143 In particular...
144
145 ### Induction Variable Simplification
146
147 Loop optimizations are a primary focus of compiler optimizations, because many programs spend most of their time in a few loops, making those loops faster is the most fruitful optimization.
148 "Induction Variable Simplification" is a specific optimization that works on identified "loop induction variables", variables that change by a constant amount each loop iteration, or that are derived from other induction variables.
149
150 Here, `a` and `b` are identified as loop induction variables.

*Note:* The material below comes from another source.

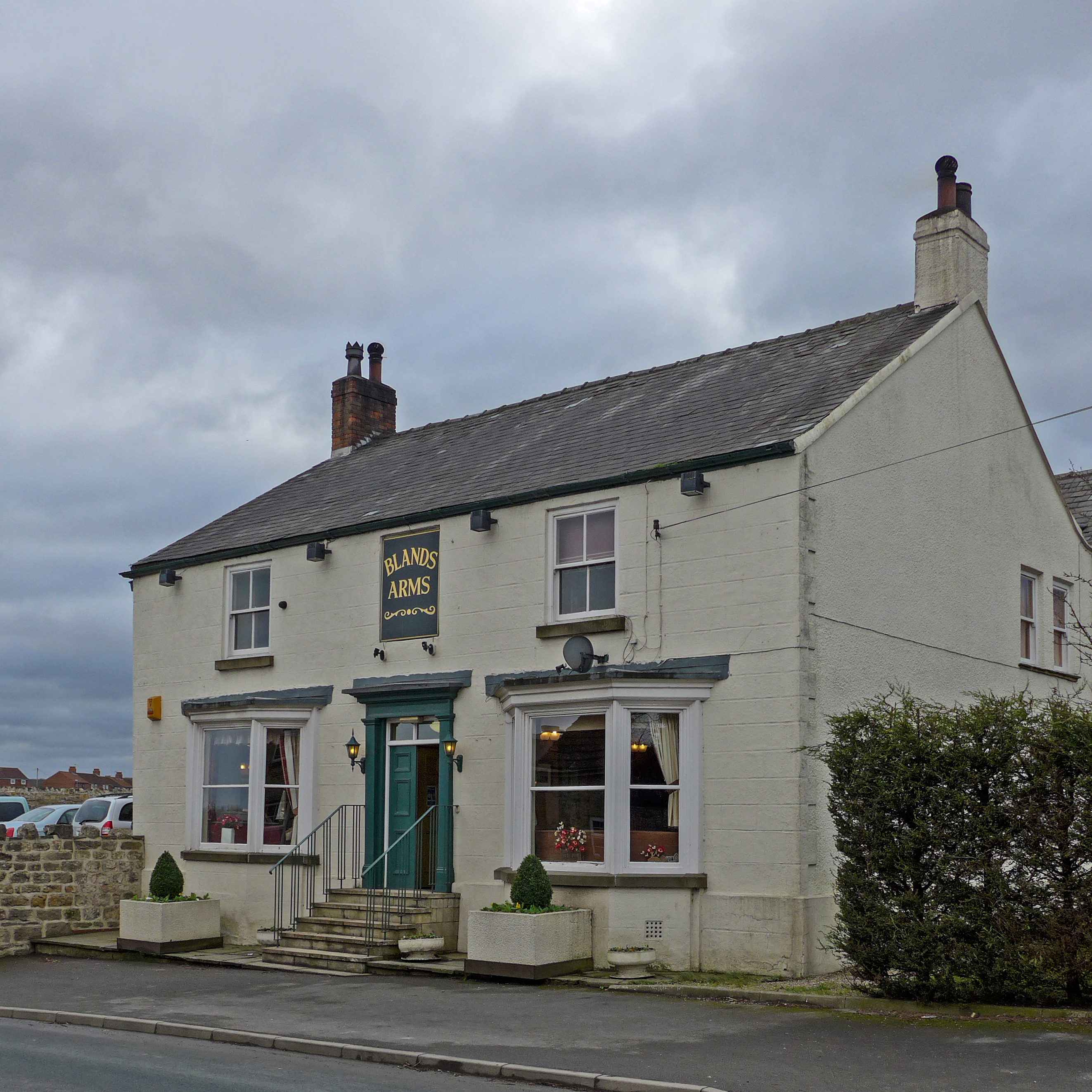 Bland's Arms (sic), Micklefield, West Yorkshire. Taken by Flickr user:Tim Green aka atoach on Saturday the 31st of January 2015.

151 Event more critically, `a` is the induction variable that controls the loop condition, so `a` is counting down towards `0`.
152 Therefore, LLVM can determine that the loop will run exactly `a` times, called the "trip count."
153
154 In cases where one of the induction variables is used after the loop and the trip count is statically known, LLVM performs an optimization where it computes the final value of the induction variable outside the loop, which splits the live range of the induction variable, and potentially makes it eligible for dead code elimination (which happens in this case).
155
156 ```llvm
157 define i32 @add(i32 %a, i32 %b) {
158 entry:
159 br label %tailrecurse
160
161 ; Loop:
162 tailrecurse:
163 %a.tr = phi i32 [ %a, %entry ], [ %tmp2, %recurse ]
164 %tmp1 = icmp eq i32 %a.tr, 0
165 br i1 %tmp1, label %done, label %recurse
166
167 recurse:
168 %tmp2 = sub i32 %a.tr, 1
169 br label %tailrecurse
170
171 ; Exit blocks
172 done:
173 %0 = add i32 %b, %a
174 ret i32 %0
175 }
176 ```
177
178 This IR looks basically like this C:
179
180 ```c
181 nat add(nat a, nat b) {
182 nat a0 = a;
183 while (a0 != 0) {
184 a0 -= 1;
185 }
186 return b + a;
187 }
188 ```
189
190 If you're interested in more details of these loop optimizations, my knowledge here comes from [some very nice lecture notes][] linked from Regehr's blog post, go read that if you want to know more about how you actually detect these cases.
191
192 [some very nice lecture notes]: https://www.cs.cmu.edu/~fp/courses/15411-f13/lectures/17-loopopt.pdf
193
194 ### Delete Dead Loops
195
196 This pass is very straightforward.
197 The loop doesn't do anything anymore, and we know it will terminate, so we can just get rid of it.
198
199 ```llvm
200 define i32 @add(i32 %a, i32 %b) {
201 entry:
202 %0 = add i32 %b, %a
203 ret i32 %0
204 }
205 ```
206
207 And therefore, our code has been optimized down to:
208 ```c
209 nat add(nat a, nat b) {
210 return b + a;
211 }
212 ```
213
214 Our recursive definition of addition turns out to actually be addition, and LLVM has proved it for us!
215
216 ## Takeaways
217
218 Very general optimizations can combine together to have some very surprising specific results, and optimizing compilers are very clever.
219
220 These same optimizations work to optimize Peano multiplication, since the loop induction variables like to work with linear functions, but they don't succeed with saturating subtraction, recursive comparisons, or min/max.
221 It'll be interesting to see if I can come up with a loop optimization pass that can deal with those more complicated trip counts / induction variables in general at all, or if I'll only succeed at pattern matching these very specific functions.